__EXERCISE INSTRUCTIONS__.
The answer is all of the data repeated exactly, with each picture omitted.

__PROVIDED MATERIAL__.
__________

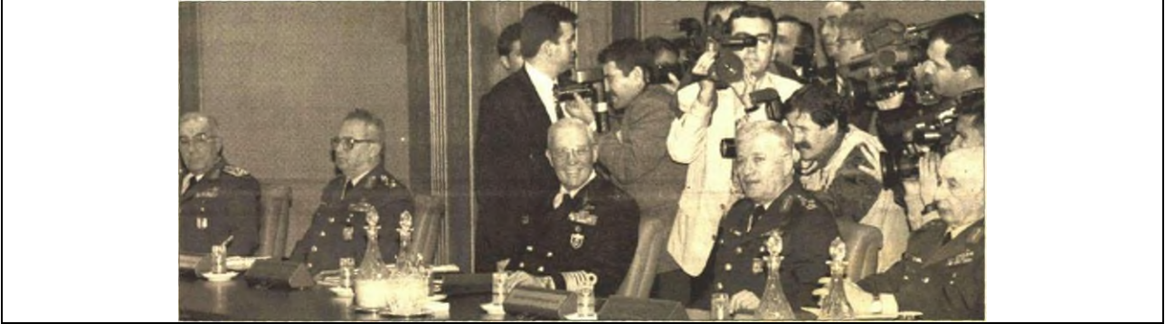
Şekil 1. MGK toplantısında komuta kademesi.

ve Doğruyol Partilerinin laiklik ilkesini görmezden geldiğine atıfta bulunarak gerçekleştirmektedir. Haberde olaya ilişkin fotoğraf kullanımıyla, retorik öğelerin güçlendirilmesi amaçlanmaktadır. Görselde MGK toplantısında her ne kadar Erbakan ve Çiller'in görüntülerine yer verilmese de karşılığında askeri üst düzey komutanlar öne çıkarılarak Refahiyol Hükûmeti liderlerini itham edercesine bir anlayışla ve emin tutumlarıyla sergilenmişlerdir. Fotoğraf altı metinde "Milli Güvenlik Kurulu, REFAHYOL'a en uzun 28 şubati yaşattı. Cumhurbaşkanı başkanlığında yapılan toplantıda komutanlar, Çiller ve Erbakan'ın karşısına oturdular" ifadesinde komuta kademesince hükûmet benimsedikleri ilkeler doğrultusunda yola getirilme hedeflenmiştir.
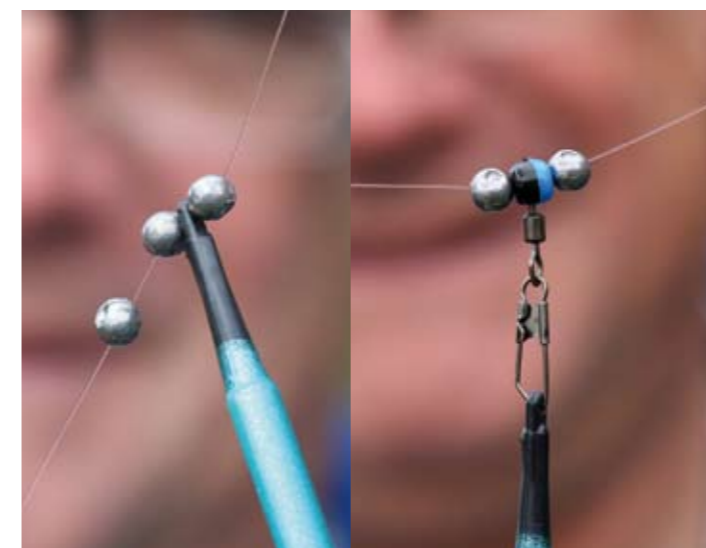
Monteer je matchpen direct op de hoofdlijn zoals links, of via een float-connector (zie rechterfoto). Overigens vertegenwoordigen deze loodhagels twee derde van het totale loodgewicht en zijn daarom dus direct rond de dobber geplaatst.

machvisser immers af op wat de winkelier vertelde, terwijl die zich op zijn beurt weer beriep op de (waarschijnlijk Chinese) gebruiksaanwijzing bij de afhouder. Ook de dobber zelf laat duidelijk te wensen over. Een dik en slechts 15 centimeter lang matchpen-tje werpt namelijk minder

__________

__EXERCISE RESULT__.
Şekil 1. MGK toplantısında komuta kademesi.

ve Doğruyol Partilerinin laiklik ilkesini görmezden geldiğine atıfta bulunarak gerçekleştirmektedir. Haberde olaya ilişkin fotoğraf kullanımıyla, retorik öğelerin güçlendirilmesi amaçlanmaktadır. Görselde MGK toplantısında her ne kadar Erbakan ve Çiller'in görüntülerine yer verilmese de karşılığında askeri üst düzey komutanlar öne çıkarılarak Refahiyol Hükûmeti liderlerini itham edercesine bir anlayışla ve emin tutumlarıyla sergilenmişlerdir. Fotoğraf altı metinde "Milli Güvenlik Kurulu, REFAHYOL'a en uzun 28 şubati yaşattı. Cumhurbaşkanı başkanlığında yapılan toplantıda komutanlar, Çiller ve Erbakan'ın karşısına oturdular" ifadesinde komuta kademesince hükûmet benimsedikleri ilkeler doğrultusunda yola getirilme hedeflenmiştir.
Monteer je matchpen direct op de hoofdlijn zoals links, of via een float-connector (zie rechterfoto). Overigens vertegenwoordigen deze loodhagels twee derde van het totale loodgewicht en zijn daarom dus direct rond de dobber geplaatst.

machvisser immers af op wat de winkelier vertelde, terwijl die zich op zijn beurt weer beriep op de (waarschijnlijk Chinese) gebruiksaanwijzing bij de afhouder. Ook de dobber zelf laat duidelijk te wensen over. Een dik en slechts 15 centimeter lang matchpen-tje werpt namelijk minder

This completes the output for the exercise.